[[ Listed entries open ]]

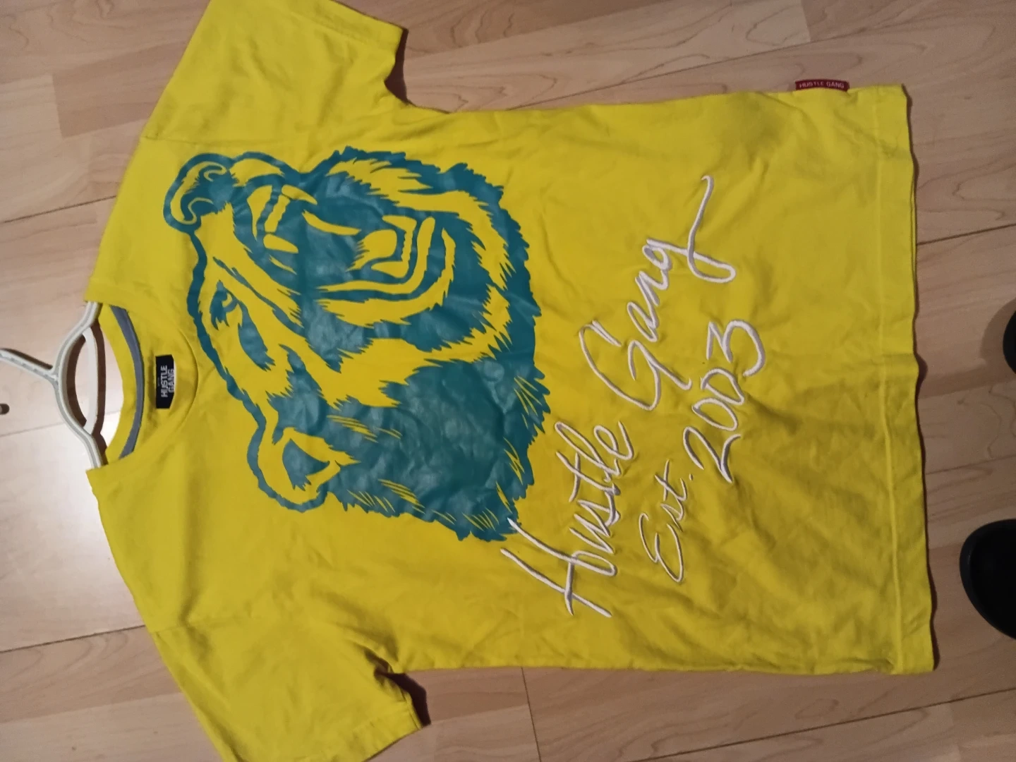 This is a Hustle Gang t-shirt. It's size SM and made of cotton. Features a large graphic print on the front. .
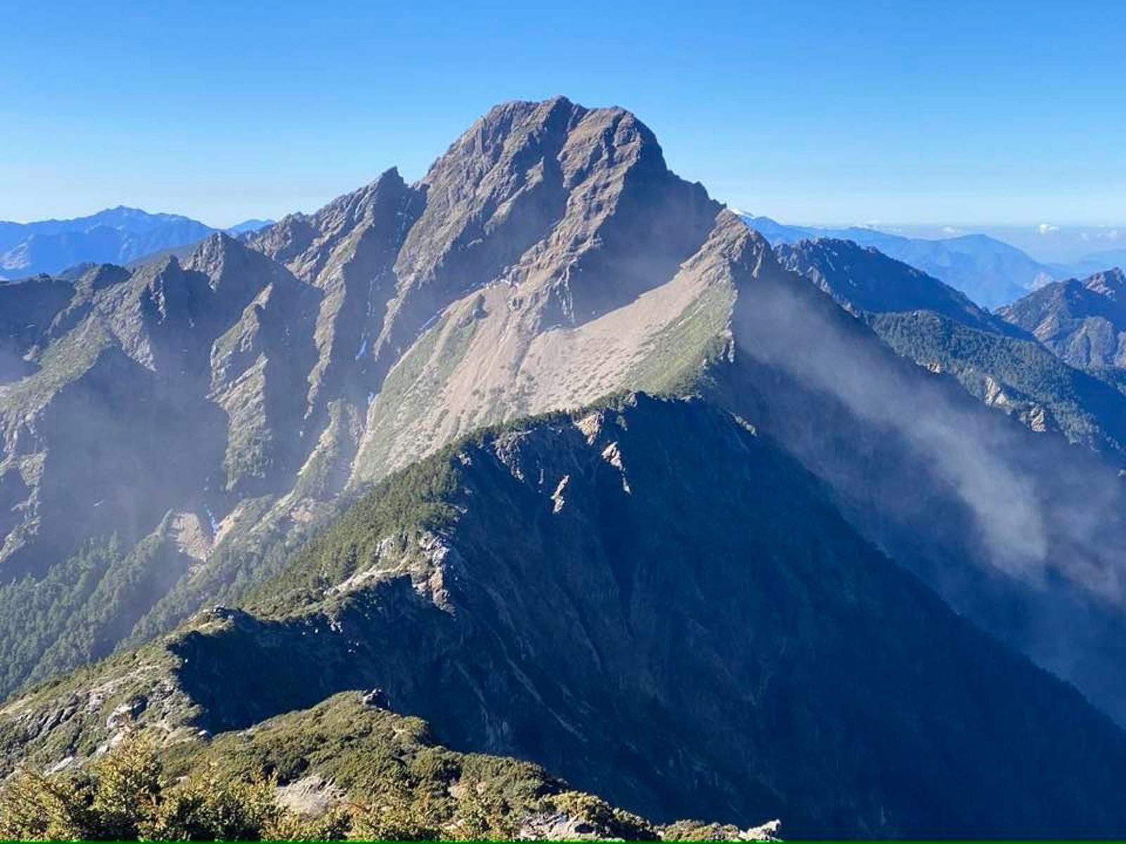 鄭明典貼出兩張玉山主峰照顯示,主峰西側冒出煙塵。鄭明典分析,這代表玉山主峰西側受地震影響,有小規模崩塌,煙塵緩緩升起,而且最近還會有餘震,他呼籲民眾「建議暫時不要往山裡走」。
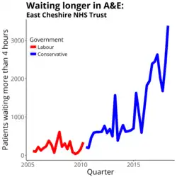 Four-hour target in the emergency department quarterly figures from NHS England Data from https://www.england.nhs.uk/statistics/statistical-work-areas/ae-waiting-times-and-activity/
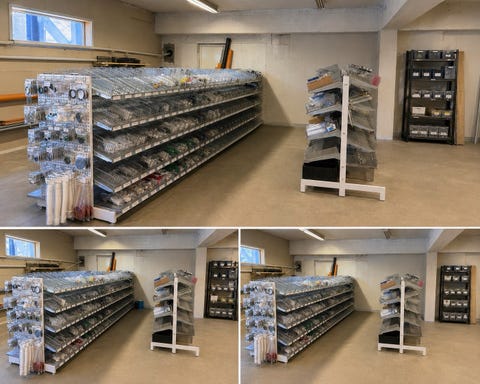 Praktiske lagringsstativ, transportstativ og gitterbur for stillas selges
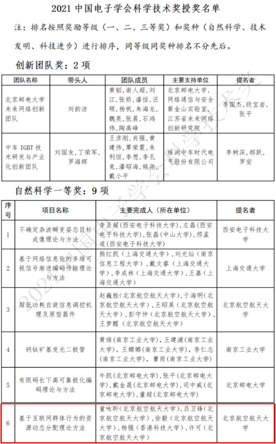 日前,中国电子学会公布了2021年科学技术奖评选结果,BV伟德官方网站BV伟德官方网站软件开发环境国家重点实验室的研究成果“基于互联网群体行为的资源动态分配理论方法”荣获中国电子学会自然科学奖一等奖,成果主要完成人包括BV伟德官方网站童咏昕、吕卫锋、徐毅、许可和香港科技大学杨强。
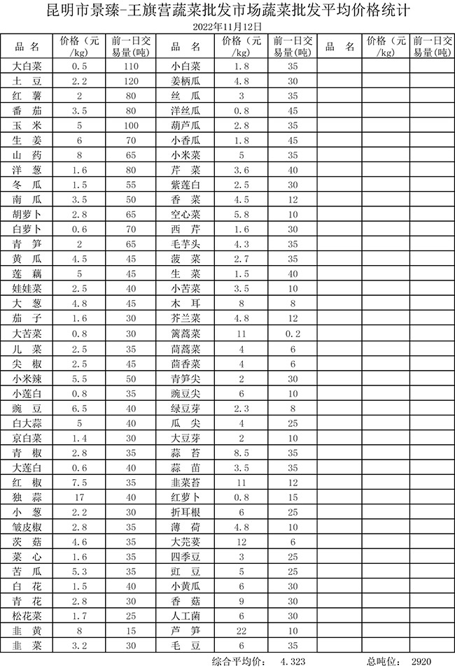 • 市場(chǎng)平均價(jià)格統(tǒng)計(jì)2022年11月12日
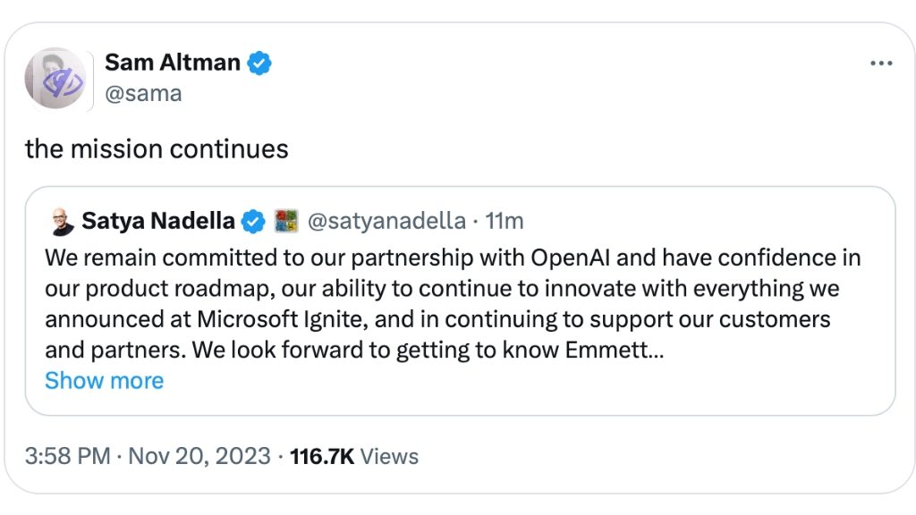 隨后,Sam Altman轉發該推文表示,the misson continues。
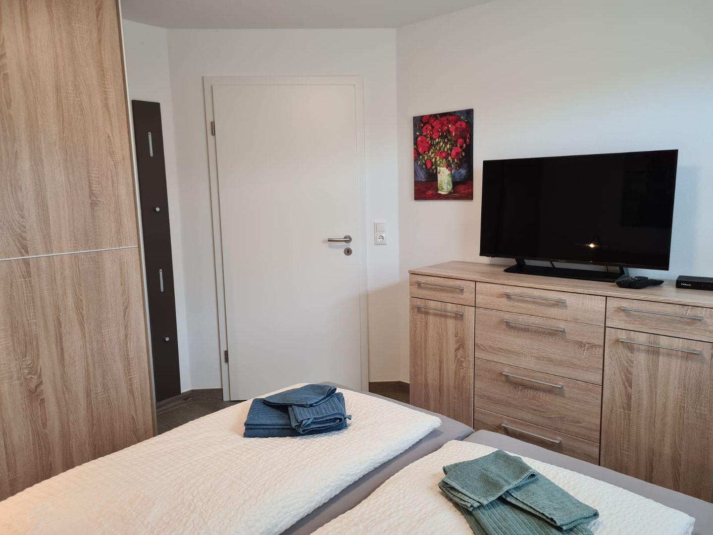 Im Hauptschlafzimmer befindet sich ein Doppelbett (160x200), Kleiderschrank und TV. Das weitere Schlafzimmer verfügt über zwei Einzelbetten und einen kleinen Kleiderschrank. Alle Schlafzimmer und der Wohnbereich lassen sich über elektrische Rollläden verdunkeln.
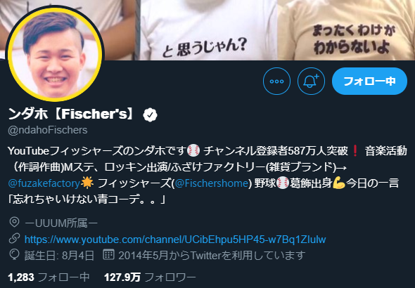 いつもはおバカ担当のンダホだが、Twitterでは意外と真面目な長文ツイートが多く、読み応えたっぷり!フィッシャーズの中では一番写真投稿率が高く、面白さは第一位と言っても過言ではないだろう。
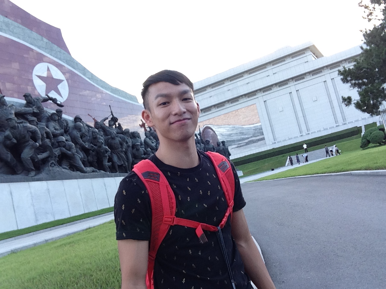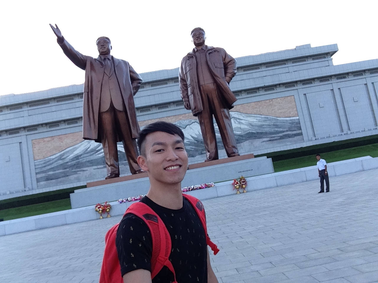 吼~真的好震憾的一個景點,大家都要狂拍照好好地記錄!一鞠躬之後轉身離開就是自由拍照時間,此前,導遊說拍照銅像要拍全身,不能只拍半身以及模坊主席的揮手動作,這會被視為「不敬」行為,我好享受那一刻的自由,拍照兼拍片,一點擔心都沒有,當下的興奮完全蓋過我來到北韓需要保持戒心的理性,只顧著拿引人注目的自拍神器一直拍,沒有人過來制止我的高科技拍照引伸的動作,連導遊都覺得神奇,到後來都有給小徐拿著自拍一下、甚至合照,HAPPY SHARE嘛!
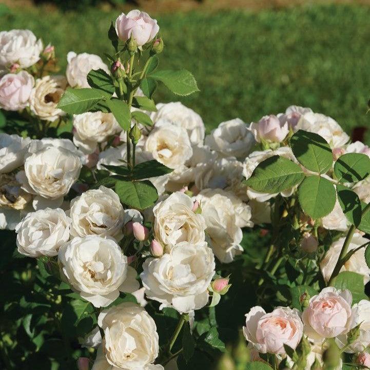 Reminiscent Pink Rose is a vigorous long-blooming deciduous shrub with an upright mounding habit and glossy foliage. Clusters of large, delightfully fragrant and densely petaled double flowers that are soft pink blooms in summer and fall. Best grown in full sun and rich, moist, slightly acidic well-drained soils. Reminiscent Pink is self cleaning and is is disease resistant.
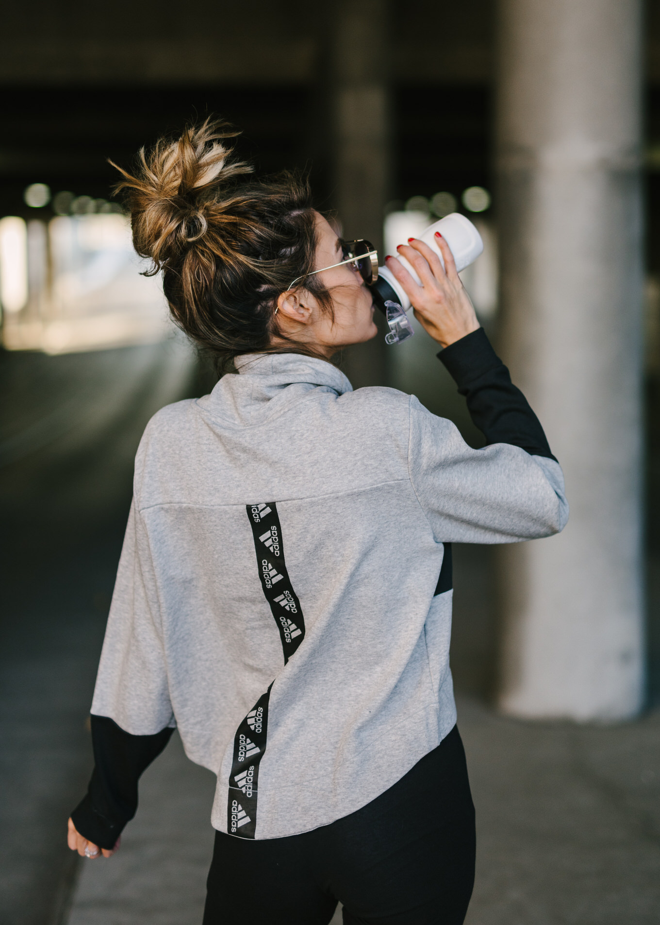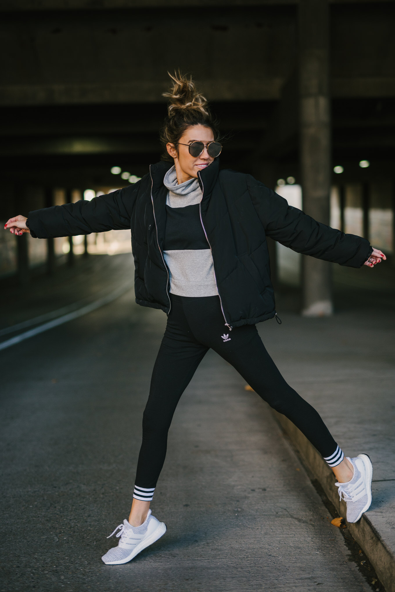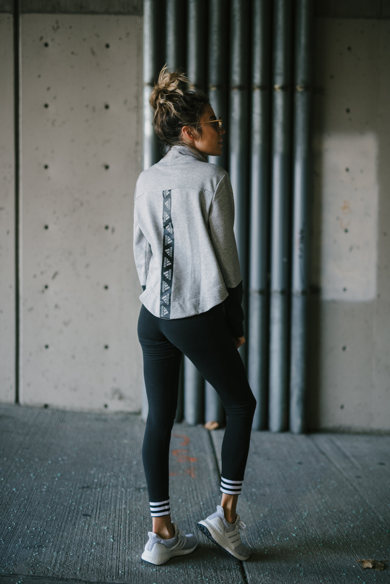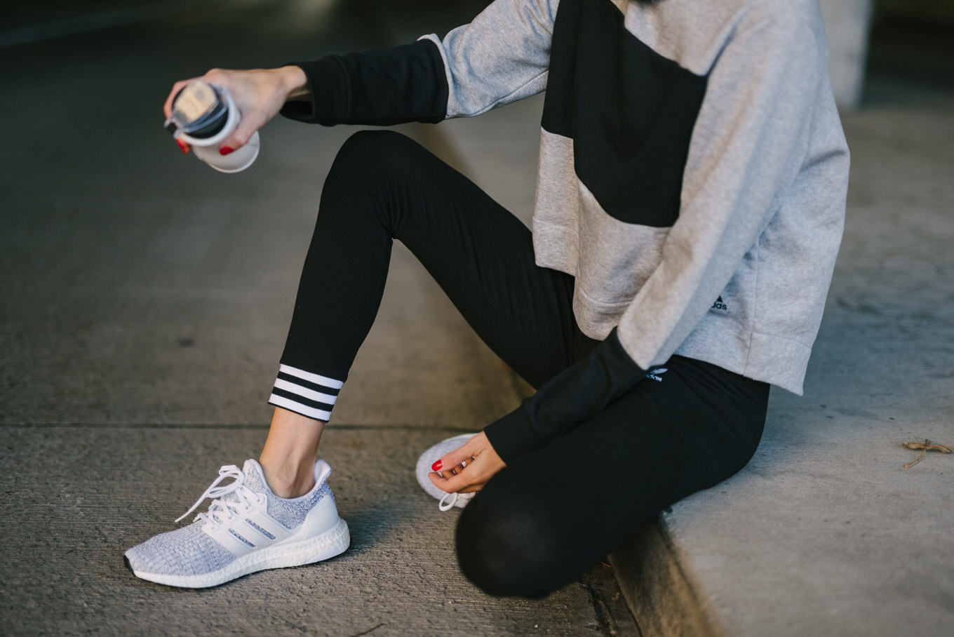 - I haven’t bought a ton of new clothes lately (been mostly getting new home decor stuff), but I did get some new work out clothes, because, well I just love comfy clothes. These sneakers I’m obsessed with, they come in lots of colors and they are probably my most comfortable shoe! I had them in two colors in the older styles and wore them out so I just got new ones a couple weeks ago. I also got this cute Adidas sweatshirt . I love the slouchy neck on it and it’s on major sale right now at Finish line (under $50)! They have so much cute Adidas stuff right now. I also ordered these pink Ultra boosts that are on sale.

[[ Listed entries closed ]]

Action item: With the pictures left out, copy exactly the lines from the line holding "Reminiscent Pink Rose" through the final line of the records, including both.

Written solution:
 Reminiscent Pink Rose is a vigorous long-blooming deciduous shrub with an upright mounding habit and glossy foliage. Clusters of large, delightfully fragrant and densely petaled double flowers that are soft pink blooms in summer and fall. Best grown in full sun and rich, moist, slightly acidic well-drained soils. Reminiscent Pink is self cleaning and is is disease resistant.
 - I haven’t bought a ton of new clothes lately (been mostly getting new home decor stuff), but I did get some new work out clothes, because, well I just love comfy clothes. These sneakers I’m obsessed with, they come in lots of colors and they are probably my most comfortable shoe! I had them in two colors in the older styles and wore them out so I just got new ones a couple weeks ago. I also got this cute Adidas sweatshirt . I love the slouchy neck on it and it’s on major sale right now at Finish line (under $50)! They have so much cute Adidas stuff right now. I also ordered these pink Ultra boosts that are on sale.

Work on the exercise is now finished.